Stored data:

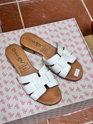 Sandalias planas de la marca Chamby en color blanco y talla 37. Son cómodas y elegantes. Solo una puesta - Diseño con tiras entrelazadas. - Suela con tecnología Comfort Gel. - Fabricadas en España.
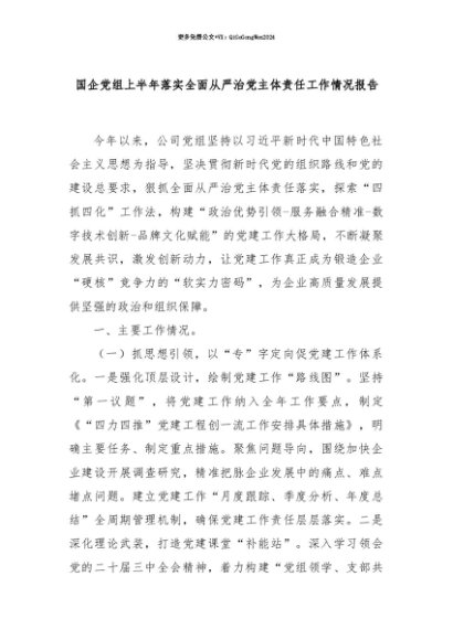 【七哥公文】2025年:【七哥公文】国企党组上半年落实全面从严治党主体责任工作情况报告(1)+更多免费公文+VX:QiGeGongWen2024+更多免费公文+VX:QiGeGongWen2024
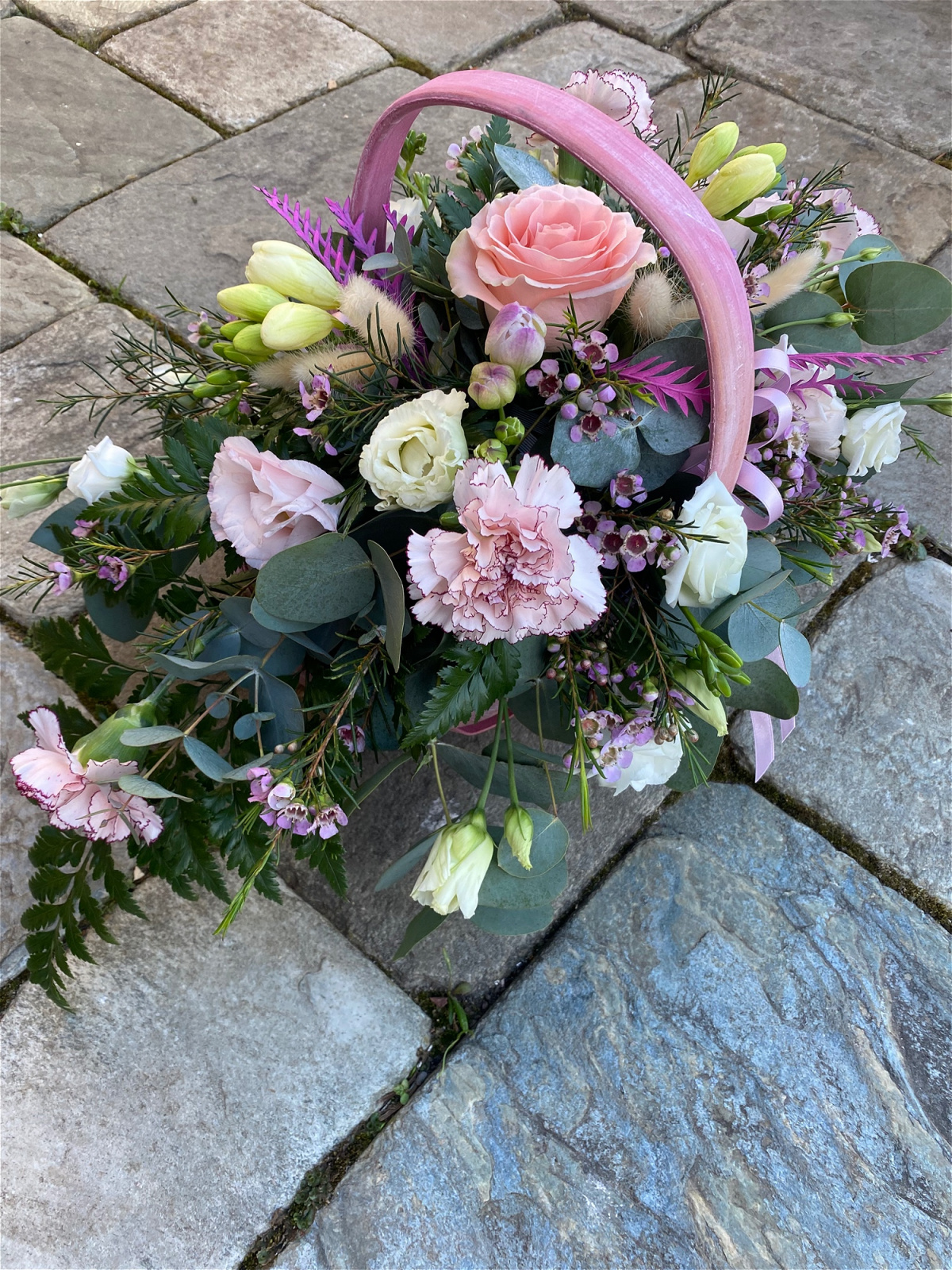 A beautiful basket arrangement of seasonal flowers for mum on Mother’s Day.
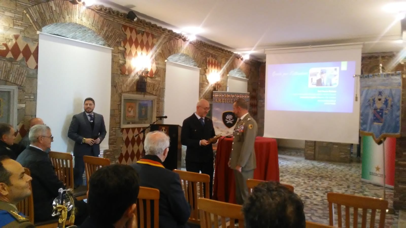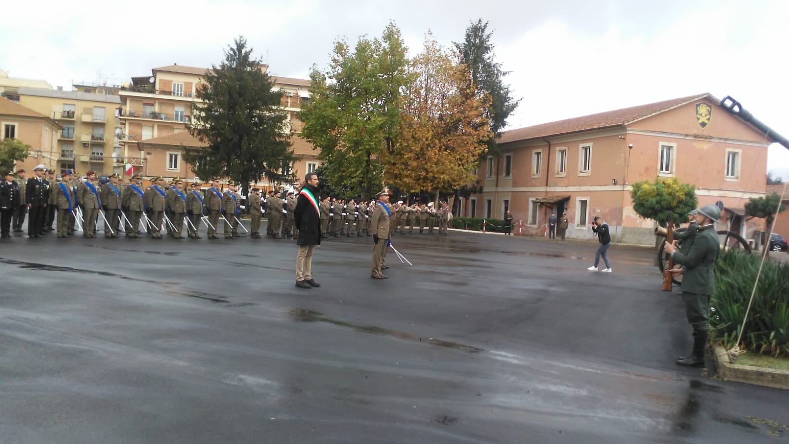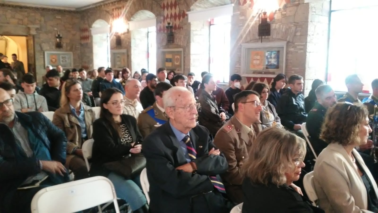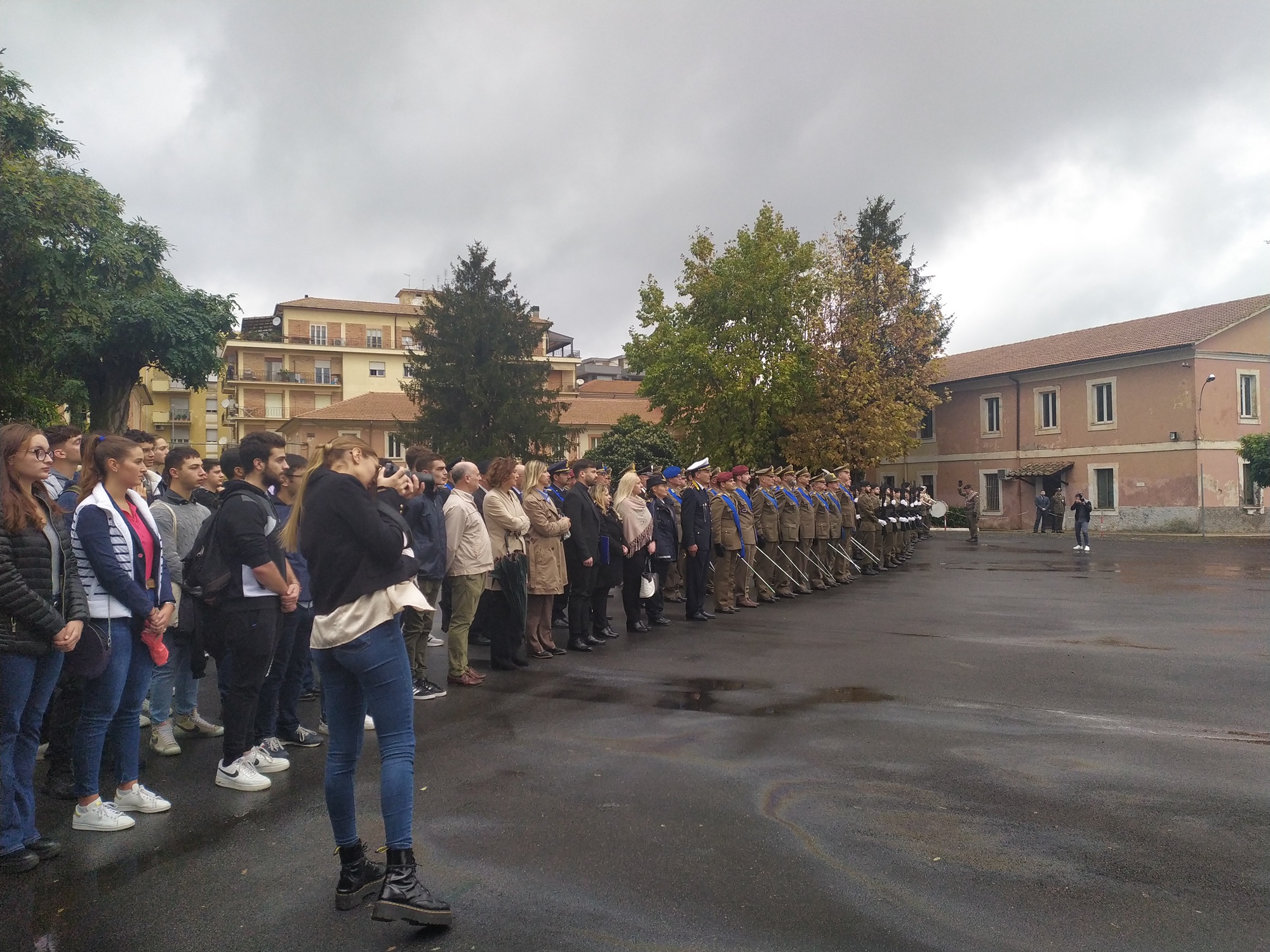 Presenti numerose delegazioni delle diverse forze armate impegnate sul territorio, il sindaco Marco Crocicchi, il Presidente dei Lions,  gli studenti del Liceo Ignazio Vian e dell’Istituto Salvo D’Acquisto con le rispettive dirigenti Lucia Lolli e Lucia Dutto, che hanno assistito ad un breve seminario, moderato dal Maggiore Gianluca Mineo, all’interno di uno degli edifici storici della Caserma Cosenz.
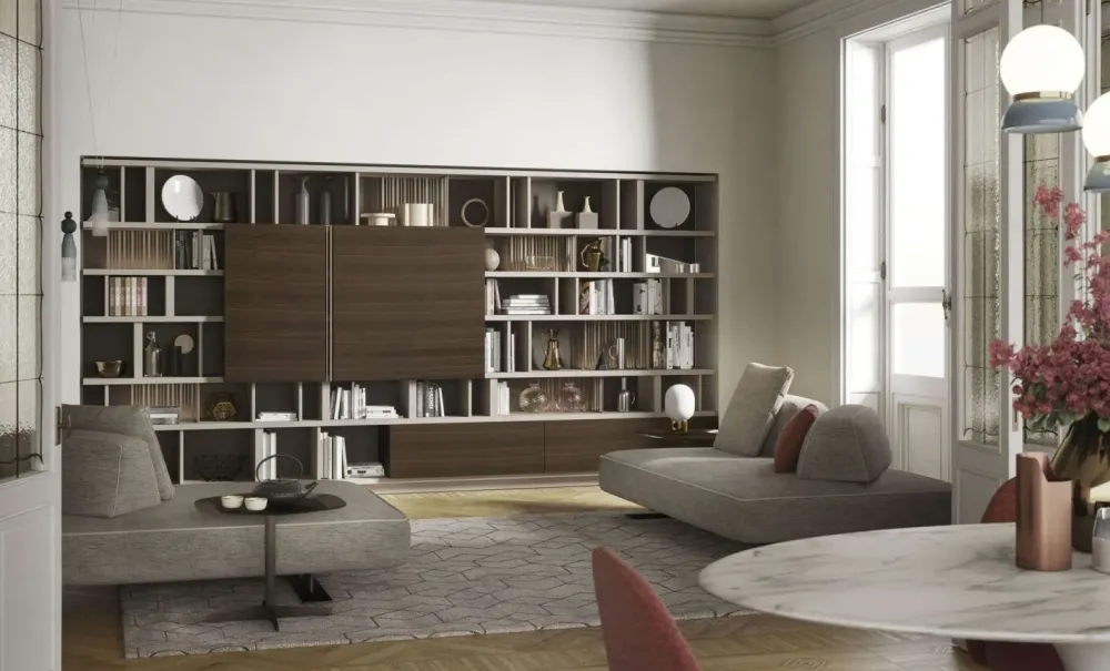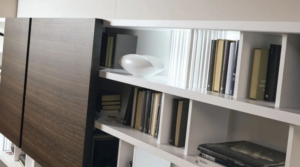 Sono molteplici le soluzioni componibili di ” LINEA IN ARREDAMENTI ” dal nuovo design e finiture di colori vari per arredare ogni ambiente e renderlo accogliente e armonioso. Un mobile libreria che si integra in ogni ambiente, particolare la predisposizione del vano per inserimento TV, nascosto da 2 antine Della stessa collezione sono disponibili: – tavoli fissi e allungabili – sedie – credenze – madie – soggiorni completi E’ possibile modificare: – misure e componibilità della composizione – finiture con colori diversi – realizzazione anche “su misura” Scheda informativa del prodotto di qualità MADE IN ITALY – struttura in legno impiallacciato con lastra di legno – laccatura opaca SETASIL antigraffio
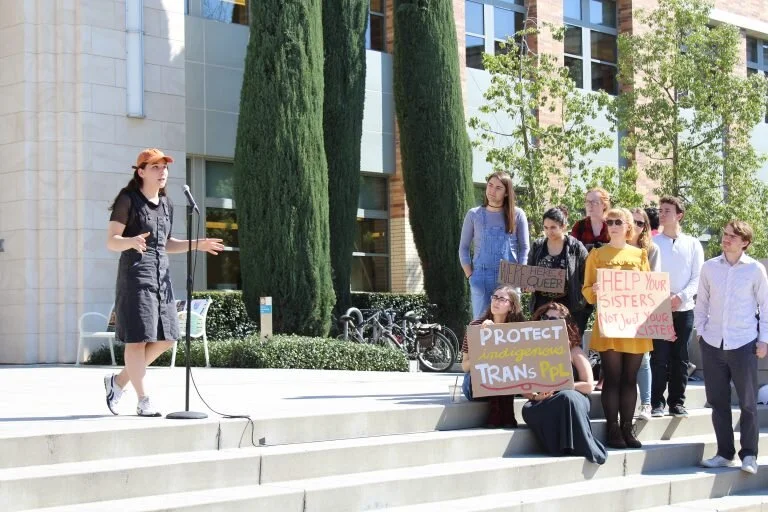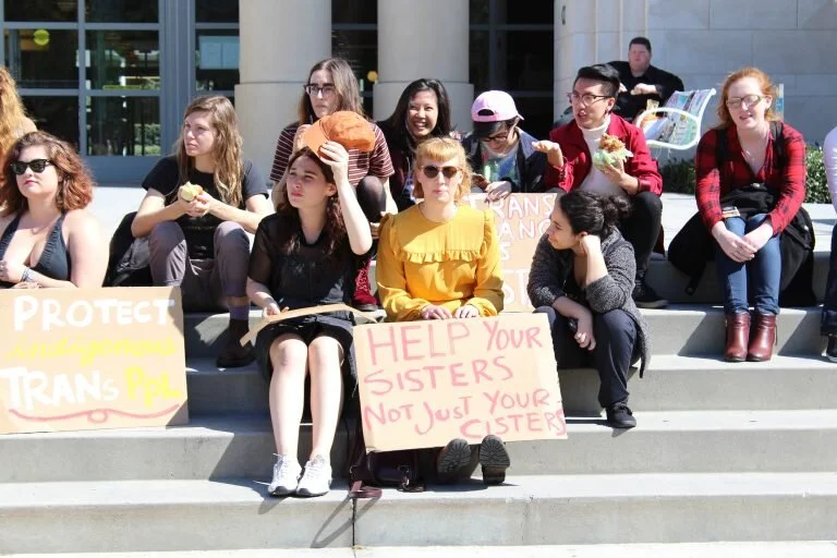 Students who attended the event held signs that read “Black trans lives matter,” “We’re here and we’re queer” and “Protect indigenous trans people.”
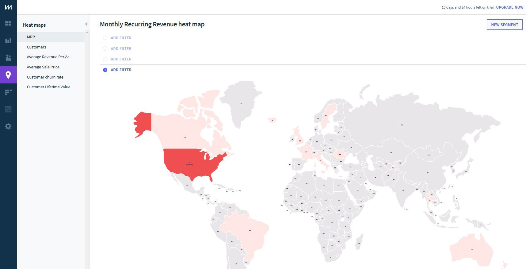 ChartMogul is one of my favorite tools on this list. It tracks and graphs all kinds of useful information based on your subscriptions, imported from Stripe transactions. It tracks metrics like MRR growth, churn rate, average revenue per account, customer lifetime value, average sale price, and more. Seeing the map of our customers above was really cool too. I actually had no idea how many customers we have outside of the US, because I didn’t have any way to track it before using ChartMogul. And the best part is that it’s free for startups that under $10k MRR!
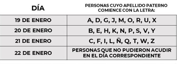 Los horarios son los regulares, de 9:00 a 17:00 horas y los días correspondientes al apellido son los siguientes:
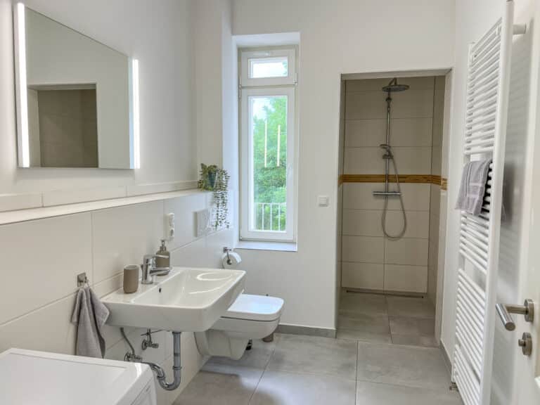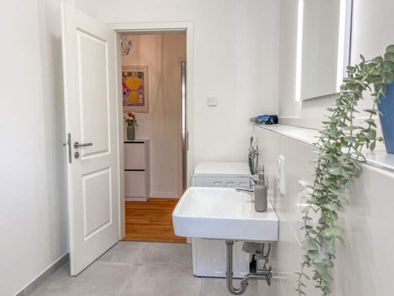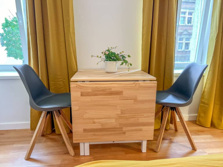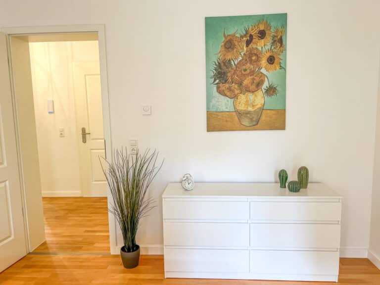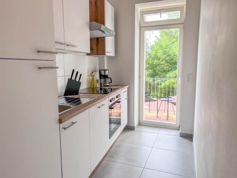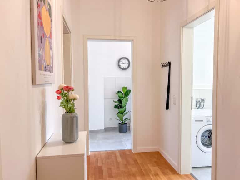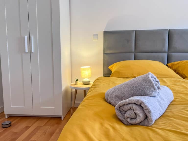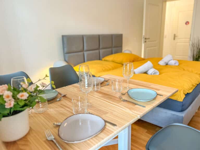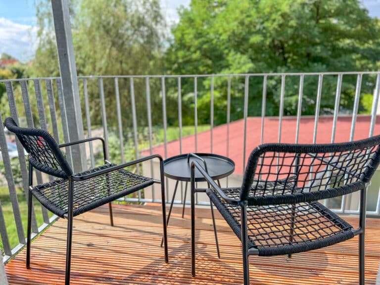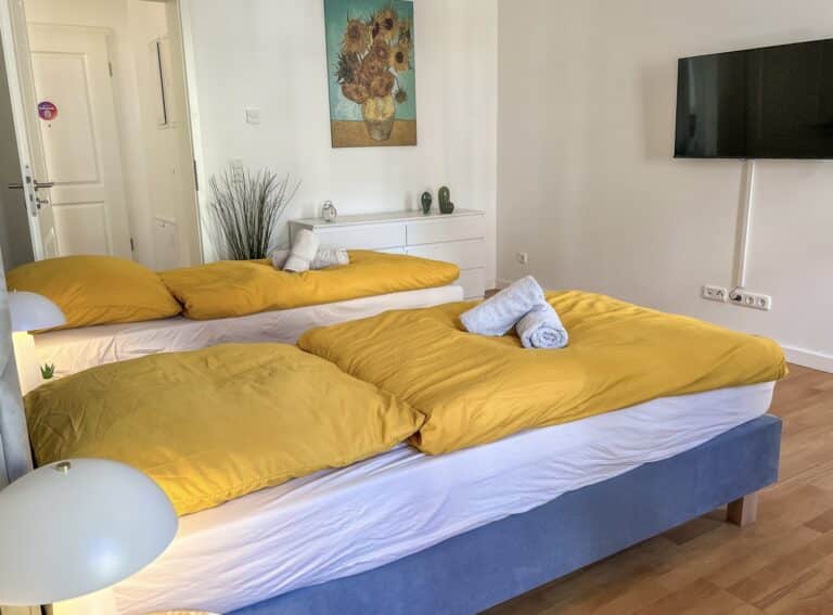 Eine umfangreiche Ausstattung und ein stilvoller und gemütlicher Flair laden zum Wohlfühlen ein. Die beiden Schlafzimmer verfügen jeweils über zwei sehr bequeme 1,80m breite Doppelbetten. Jedes Zimmer verfügt über einen Esstisch, einen TV, ein Spiegel, Kleiderbügel und eine Kommode/einen Kleiderschrank um die Kleidung zu lagern. Für den gemeinsamen Abend kann bei Bedarf an einem ausklappbaren Tisch in einem der Schlafzimmer zu viert Platz gefunden werden. Außerdem bietet die Unterkunft eine Dusche und eine Waschmaschine. Der gemütliche Balkon bietet eine perfekte Möglichkeit um den Abend entspannt ausklingen zu lassen.

Prompt:
Exactly reproduce the entries above, minus the pictures.

Worked solution:
 Sandalias planas de la marca Chamby en color blanco y talla 37. Son cómodas y elegantes. Solo una puesta - Diseño con tiras entrelazadas. - Suela con tecnología Comfort Gel. - Fabricadas en España.
 【七哥公文】2025年:【七哥公文】国企党组上半年落实全面从严治党主体责任工作情况报告(1)+更多免费公文+VX:QiGeGongWen2024+更多免费公文+VX:QiGeGongWen2024
 A beautiful basket arrangement of seasonal flowers for mum on Mother’s Day.
 Presenti numerose delegazioni delle diverse forze armate impegnate sul territorio, il sindaco Marco Crocicchi, il Presidente dei Lions,  gli studenti del Liceo Ignazio Vian e dell’Istituto Salvo D’Acquisto con le rispettive dirigenti Lucia Lolli e Lucia Dutto, che hanno assistito ad un breve seminario, moderato dal Maggiore Gianluca Mineo, all’interno di uno degli edifici storici della Caserma Cosenz.
 Sono molteplici le soluzioni componibili di ” LINEA IN ARREDAMENTI ” dal nuovo design e finiture di colori vari per arredare ogni ambiente e renderlo accogliente e armonioso. Un mobile libreria che si integra in ogni ambiente, particolare la predisposizione del vano per inserimento TV, nascosto da 2 antine Della stessa collezione sono disponibili: – tavoli fissi e allungabili – sedie – credenze – madie – soggiorni completi E’ possibile modificare: – misure e componibilità della composizione – finiture con colori diversi – realizzazione anche “su misura” Scheda informativa del prodotto di qualità MADE IN ITALY – struttura in legno impiallacciato con lastra di legno – laccatura opaca SETASIL antigraffio
 Students who attended the event held signs that read “Black trans lives matter,” “We’re here and we’re queer” and “Protect indigenous trans people.”
 ChartMogul is one of my favorite tools on this list. It tracks and graphs all kinds of useful information based on your subscriptions, imported from Stripe transactions. It tracks metrics like MRR growth, churn rate, average revenue per account, customer lifetime value, average sale price, and more. Seeing the map of our customers above was really cool too. I actually had no idea how many customers we have outside of the US, because I didn’t have any way to track it before using ChartMogul. And the best part is that it’s free for startups that under $10k MRR!
 Los horarios son los regulares, de 9:00 a 17:00 horas y los días correspondientes al apellido son los siguientes:
 Eine umfangreiche Ausstattung und ein stilvoller und gemütlicher Flair laden zum Wohlfühlen ein. Die beiden Schlafzimmer verfügen jeweils über zwei sehr bequeme 1,80m breite Doppelbetten. Jedes Zimmer verfügt über einen Esstisch, einen TV, ein Spiegel, Kleiderbügel und eine Kommode/einen Kleiderschrank um die Kleidung zu lagern. Für den gemeinsamen Abend kann bei Bedarf an einem ausklappbaren Tisch in einem der Schlafzimmer zu viert Platz gefunden werden. Außerdem bietet die Unterkunft eine Dusche und eine Waschmaschine. Der gemütliche Balkon bietet eine perfekte Möglichkeit um den Abend entspannt ausklingen zu lassen.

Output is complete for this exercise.